Nolan's 3-Hour Odyssey Ignites Accuracy Row as Critics Clash Over Casting and Ancient Greece
Updated
Updated · Slate · Jul 16
Nolan's 3-Hour Odyssey Ignites Accuracy Row as Critics Clash Over Casting and Ancient Greece
3 articles · Updated · Slate · Jul 16
Summary
Sold-out IMAX screenings a year ahead have turned Christopher Nolan’s 3-hour, R-rated Odyssey into a flashpoint over whether its casting and armor are too "woke" or historically wrong.
The backlash centers on Lupita Nyong’o as Helen of Troy, trans actor Elliot Page, Emily Wilson’s feminist translation, and weapons critics say mix eras from the late Bronze Age to around 700 B.C.
The essay argues those accuracy attacks miss the point because the Odyssey itself layers centuries of oral tradition, and Nolan is making a mythic drama rather than a military-history reconstruction.

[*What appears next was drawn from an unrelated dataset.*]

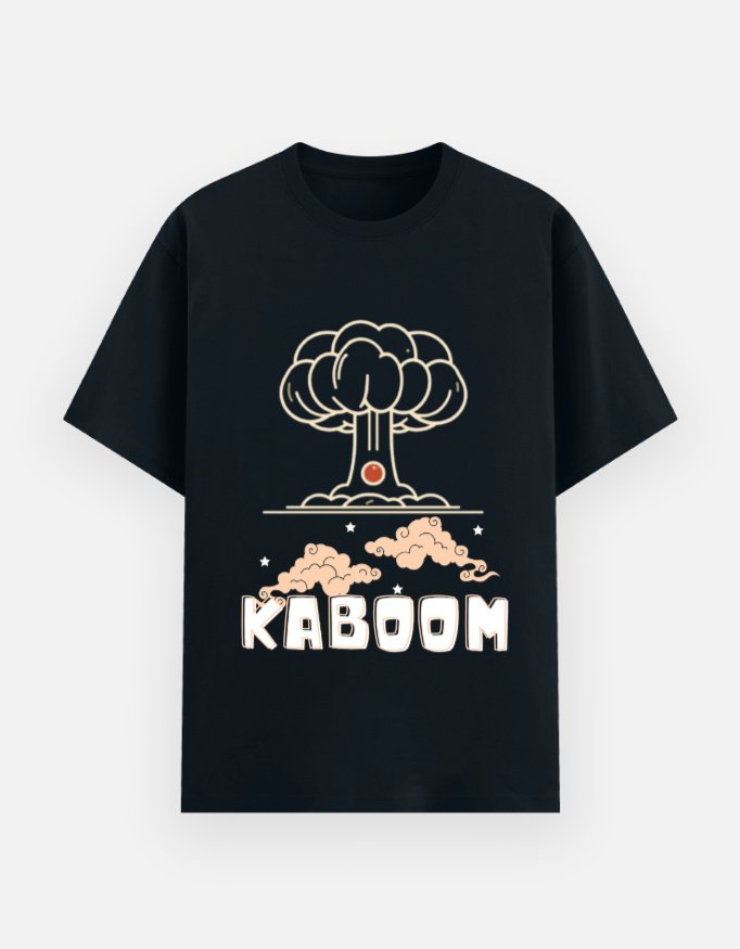 This KABOOM tee from Chaarbaak is a provocative piece of wearable art designed to make a statement. By utilizing a high-contrast, stylized atom bomb mushroom cloud, the design serves as a powerful anti-war critique. The minimalist line work and bold typography strip away the noise to focus on the gravity of the subject, transforming a symbol of destruction into a call for reflection.

One visual complaint remains: like 300, the film depicts ancient warfare in dark, grim tones instead of the bright, vividly colored armor and battlefields historians say were closer to reality.
For the writer, Nolan’s strongest historical truth is psychological, using Odysseus’ homecoming to portray war trauma and moral injury in a way that makes the ancient story feel contemporary.